The law is already very clear—any physical punishment that causes harm or leaves a mark is illegal. A full ban may provide additional clarity, but as you rightly point out, the real issue is the abuse happening behind closed doors.

You are ignoring the fact that "common assault" exists as an offence and this doesn't even have to include physical contact let alone leaving a mark- all it needs is "fear of violence". It can also include physical contact that doesn't leave a mark.

If this offence exists and is applied to situations where adults are assaulted without leaving a mark- in what way does it make sense to say it's okay to hit children and not leave a mark?

CassiasC · 08/03/2025 08:53

In this post you have unwittingly encapsulated the key problem with parents who smack - they invariably lack any real behaviour management skills, they don't bother to learn about effective, non-abusive disciplinary strategies, because violence is the only tool in their belt.

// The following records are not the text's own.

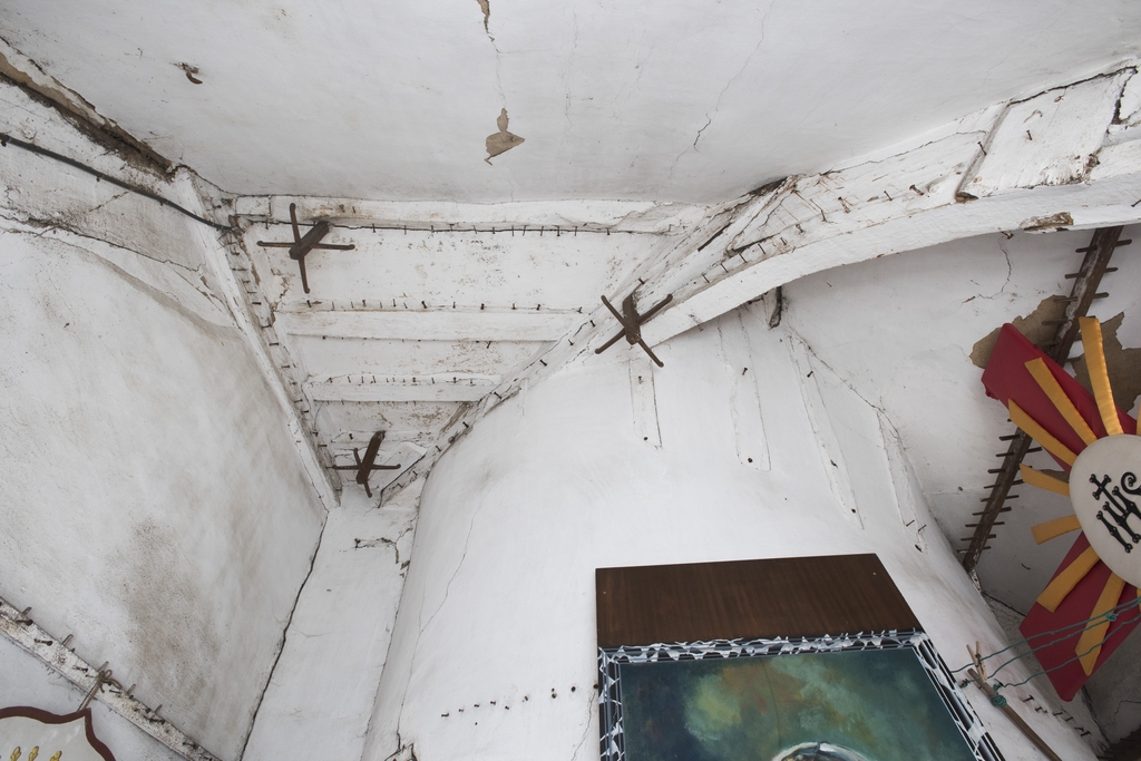 Grand corps de logis. Petite pièce attenante à l'escalier en vis desservant le grenier. Détail de fixations et de clous plantés dans les poutresImmatriculation
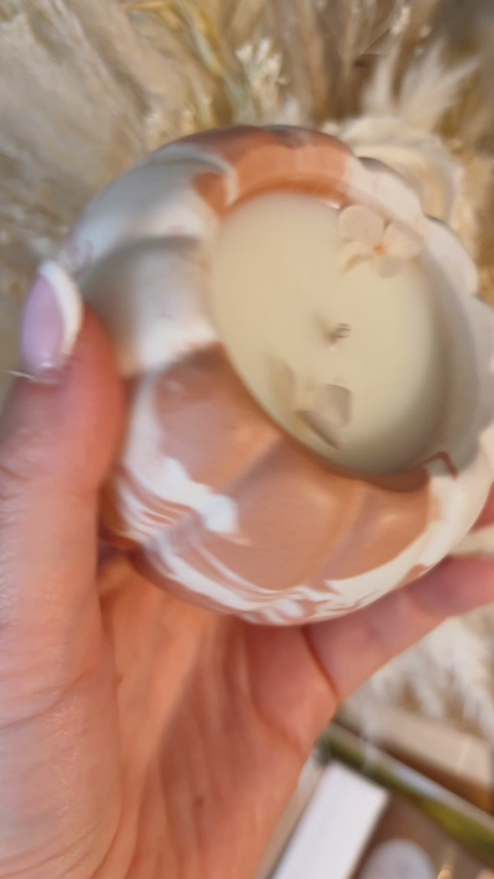 Concernant les bougies citrouilles bicolores, l’effet marbré varie à chaque pot. Cela rend vos bougies uniques.
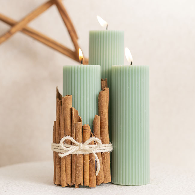 Our Roman Fluted Pillar Candle in Pale Sage is a plain-coloured ribbed candle that will bring textural interest to your event and home decor. Pair with other products from our Roman Fluted candle range for a complementary cluster. This candle is dripless.
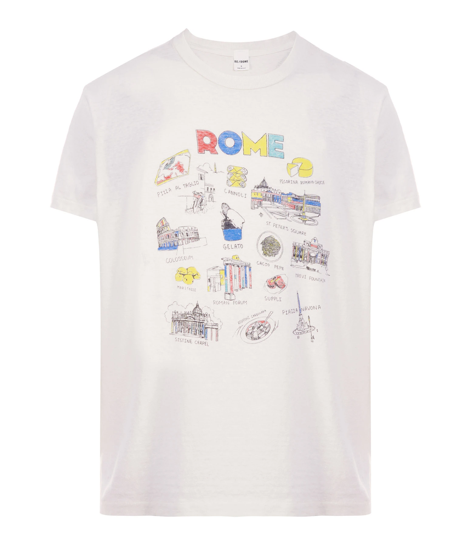 Tee-shirt en coton blanc imprimé illustrations. Col rond. Manches courtes. Coupe droite. Base droite.
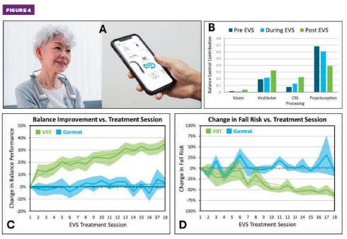 Figure 4. (A) Neurvesta device and mobile app. (B) Example SR measurements pre-, during, and post-electrical vestibular stimulation, revealing enhancement of vestibular function accompanied by decreased reliance on proprioception. (C) Measured balance improvements and (D) reduced fall risk for a randomized controlled trial of the 18-session vestibular stimulation therapy treatment protocol (50 participants, aged 50 to 95). Solid line denotes mean values, and shaded areas represent one standard deviation from the mean. Figures courtesy of Neursantys
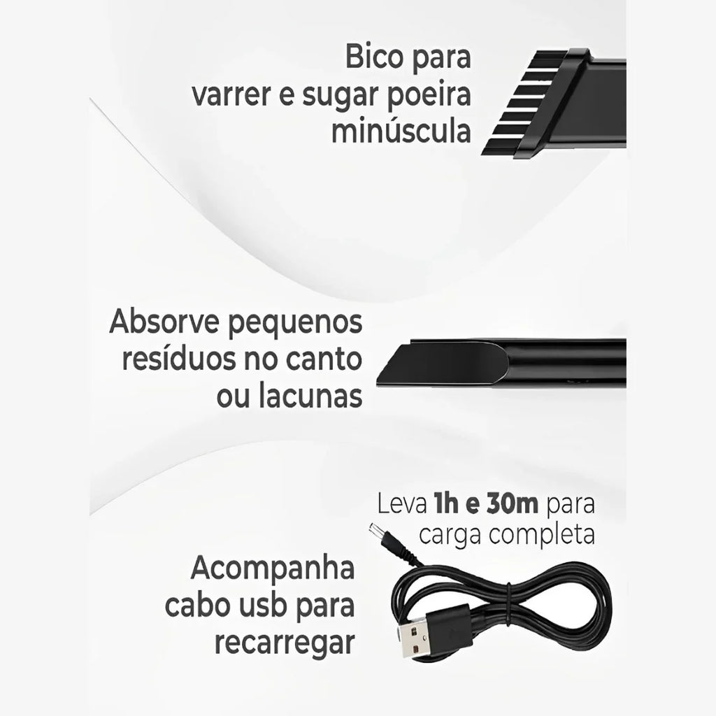 Compacto, potente e sem fio Com sucção de 6000Pa, ele remove sujeira, pelos, migalhas, pó etc Ideal para uso doméstico ou no carro
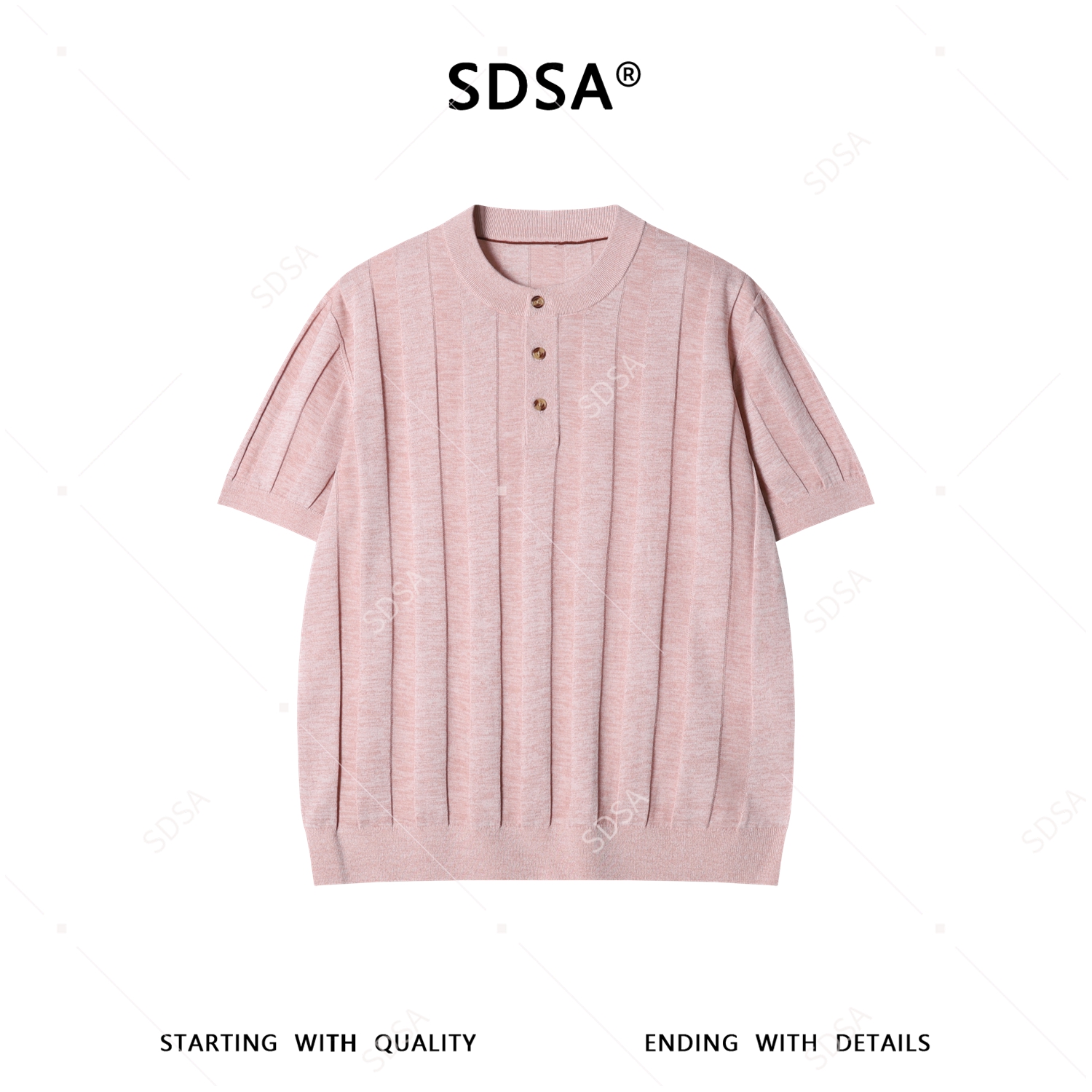 99012SDSA男装2026新款高贵轻奢韩系竖条纹亨利领针织短袖T恤百搭透气

Sums it up for me. My parents were curiously soft on other types of punishment. I remember my brother being very badly behaved one weekend and not being allowed to go to a party - I remember being thoroughly amazed because that kind of thing just never happened in our house.

Much easier to lash out in anger and then act as if none of it had ever happened.

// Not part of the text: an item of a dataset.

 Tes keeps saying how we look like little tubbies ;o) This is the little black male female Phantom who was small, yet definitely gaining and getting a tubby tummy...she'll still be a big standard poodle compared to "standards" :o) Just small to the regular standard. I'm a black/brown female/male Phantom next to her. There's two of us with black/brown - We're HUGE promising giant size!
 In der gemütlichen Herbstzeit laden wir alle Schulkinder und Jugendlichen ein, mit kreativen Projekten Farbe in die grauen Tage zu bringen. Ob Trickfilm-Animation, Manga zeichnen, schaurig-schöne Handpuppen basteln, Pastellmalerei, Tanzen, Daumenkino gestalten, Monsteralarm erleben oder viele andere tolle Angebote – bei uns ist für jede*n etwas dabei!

GoldenSunflowers · 08/03/2025 08:59

You’re on a hiding to nothing with this ridiculous thread.

Maybe the criminal justice system wouldn’t be so overwhelmed if adults weren’t violent to others. Maybe some even learned violence at home. There are other non-violent ways to communicate with children. I support a ban.

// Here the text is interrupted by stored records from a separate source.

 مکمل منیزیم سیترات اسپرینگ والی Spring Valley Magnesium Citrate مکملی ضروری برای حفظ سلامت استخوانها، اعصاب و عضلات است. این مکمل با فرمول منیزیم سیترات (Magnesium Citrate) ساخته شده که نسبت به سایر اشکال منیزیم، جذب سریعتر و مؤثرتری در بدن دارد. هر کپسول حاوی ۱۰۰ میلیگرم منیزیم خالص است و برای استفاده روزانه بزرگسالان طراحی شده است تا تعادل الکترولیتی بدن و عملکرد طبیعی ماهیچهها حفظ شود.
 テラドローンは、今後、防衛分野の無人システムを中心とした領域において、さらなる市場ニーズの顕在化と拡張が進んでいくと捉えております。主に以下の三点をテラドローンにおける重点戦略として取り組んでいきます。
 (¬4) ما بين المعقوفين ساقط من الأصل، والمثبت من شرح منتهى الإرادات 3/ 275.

Scoobychick · 08/03/2025 08:59

Chypre · 08/03/2025 06:59

Yes, smacking should be banned. As not only it is “violent” or “traumatizing”, it simply doesn’t work. Look at the machete yielding/balaclava wearing boys involved with stabbings and gangs. Or the Southport lad. They clearly don’t come from “gentle parenting” backgrounds.

Edited

Is smacking without leaving a mark really violent? The law already covers this—if a smack leaves a mark, it’s illegal. So why waste time on a ban that changes nothing?

And as for your examples—were these children smacked, abused, or just exposed to violent video games and movies? There’s a big difference between discipline and real harm. If smacking automatically led to violence, every previous generation would have been criminals. The real issue is broken families, lack of discipline (not just smacking), and a culture that glorifies violence.

OP posts:
Fargo79 · 08/03/2025 09:01

For me the opposition to the ban just doesn't hold water and I'm afraid I do doubt the intentions of anyone who claims they oppose it for the greater good.

For a start, I'm not aware of any evidence that criminalising smacking diverts attention or resources away from severe neglect and abuse. It strikes me as extremely distasteful to evoke the cases of children who are beaten, starved, raped etc to justify opposition to the smacking ban, when we all know full well that as a society we have always failed those children. They weren't all being helped before the smacking ban. It isn't the smacking ban that prevents severely abused children from being saved.

Secondly the idea that it's fine as long as it doesn't leave a mark is just... difficult to argue against because it's hard to believe that anyone would actually openly admit to holding that view. I wonder if you would support the decriminalisation of assault if for example a husband was hitting his wife but leaving no marks. Or a carer hitting an elderly care home resident but not leaving bruises. Perhaps that would be OK too. And if not, why not? Why is it materially different or worse for a vulnerable adult to endure this treatment than it is for a child?

More broadly, the idea the idea that we shouldn't criminalise one act because it diverts resources away from tackling more serious crime is problematic. Should we decriminalise pick pocketing because it diverts resources away from tackling muggings? Should we decriminalise assaults not resulting in hospitalisation because it diverts resources away from tackling murders?